Resolution: A document that has been passed by an organ of the UN that
aims to address a particular problem or issue.
Right of Reply: A right to speak in reply to a previous speaker's comment,
invoked when a delegate feels personally insulted by another's speech.
Generally requires a written note to the Chair to be invoked.
Roll Call: The first order of business in a Model UN committee, during which
the Rapporteur reads aloud the names of each member state in the
committee. When a delegate's country's name is called, he or she may
respond "present" or "present and voting." A delegate responding "present
and voting" may not abstain on a substantive vote.
Rules of Procedure: The rules by which a Model UN committee is run.
Second: To agree with a motion being proposed. Many motions must be
seconded before they can be brought to a vote.
Secretariat: The staff of a Model UN conference. At BRAMUN, this includes
the Secretary General and the Chief Informations Officer.

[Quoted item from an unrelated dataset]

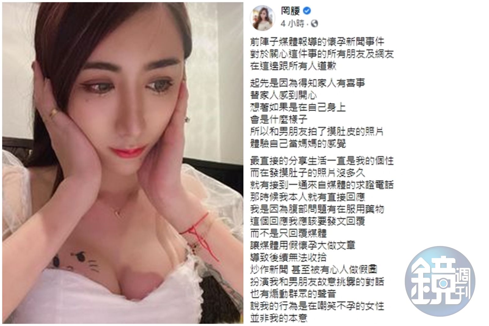 罔腰首次為連日來的風波向大眾道歉,解釋起先是得知家人有喜事感到開心,於是想著如果是在自己身上會是什麼樣子,因此和男友拍了摸肚皮的照片,體驗一下當媽媽的感覺,但仍強調是媒體用假懷孕大做文章。

Signatory: A country that wishes a draft resolution to be put on the floor and
signs the draft resolution to accomplish this. A signatory need not support a
resolution; it only wants it to be discussed. Usually, Model UN conferences

require some minimum number of sponsors and signatories for a draft


resolution to be approved.
Simple majority: 50% plus one vote of the number of delegates in a
committee. The amount needed to pass most votes.
Speakers' List: A list that determines the order in which delegates will speak.
Whenever a new topic is opened for discussion, the Chair will create a
speakers' list by asking all delegates wishing to speak to raise their placards
and calling on them one at a time. During debate, a delegate may indicate that
he or she wishes to be added to the speakers' list by sending a note to the
dais.
Sponsor: One of the writers of a draft resolution. A friendly amendment can
only be created if all sponsors agree.
Substantive: Having to do with the topic being discussed. A substantive vote
is a vote on a draft resolution or amendment already on the floor during voting
bloc. Only member states (not observer states or non-governmental
organizations) may vote on substantive issues.
Unmoderated Caucus: A type of caucus in which delegates leave their seats
to mingle and speak freely. Enables the free sharing of ideas to an extent not
possible in formal debate or even a moderated caucus. Frequently used to
sort countries into blocs and to write working papers and draft resolutions.
Working Paper: A document in which the ideas of some delegates on how to
resolve an issue are proposed. Frequently the precursor to a draft resolution.
Veto: The ability, held by China, France, the Russian Federation, the United
Kingdom, and the United States to prevent any draft resolution in the Security
Council from passing by voting no.
Vote: A time at which delegates indicate whether they do or do not support a
proposed action for the committee. There are two types: procedural and
substantive.
Voting procedure: The period at the end of a committee session during
which delegates vote on proposed amendments and draft resolutions. Nobody
may enter or leave committee at this time.